Taking the right medicine when you need it is an important part of staying healthy. Your prescription plan provides certain preventive benefits at no cost to you. That means you don’t have to pay a copay* or coinsurance on these medications, regardless of where you are with your deductible.
These no-cost benefits are part of the Affordable Care Act (ACA). However, they still require your doctor to write a prescription for these preventive services to be covered by your plan, even if they are listed as over-the-counter (OTC). They include:
- Medicine and supplements to prevent certain health conditions for adults, women and children
- Medicine and products for quitting smoking or chewing tobacco (tobacco cessation)

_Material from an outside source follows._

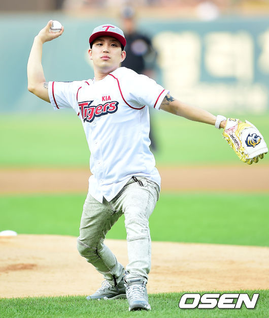 30일 오후 광주-KIA 챔피언스필드에서 열린 2014 한국야쿠르트 세븐 프로야구 KIA 타이거즈와 NC 다이노스의 경기, 가수 범키가 승리기원 시구를 하고 있다.

- Medicine used prior to screenings for certain health conditions in adults
- Vaccines and immunizations to prevent certain illnesses in infants, children and adults
- Contraceptives for women
CVS Caremark® works with your health plan to provide these benefits. The following lists** explain:
- Which medicines, supplements, health-related products or vaccines are covered
- Who they are covered for (such as children up to age six or adults age 65 or older)
- What health condition or illness they help prevent
- Other important information
Legend
chew: chewable, mL: milliliter, cap: capsule, oral: taken by mouth, FE: ferrous sulfate (iron), OTC: over-the-counter, EE: ethinyl estradiol, Rx: prescription product, hr: hour, soln: solution, IM: intramuscular, SR: sustained release, IU: international unit, susp: suspension, mcg: microgram, tab: tablet, mg: milligram, TD: transdermal
Preventive Services**
Aspirin to help prevent serious heart and blood vessel problems (cardiovascular disease) and colorectal cancer in adults 50 to 59 years old who are at risk.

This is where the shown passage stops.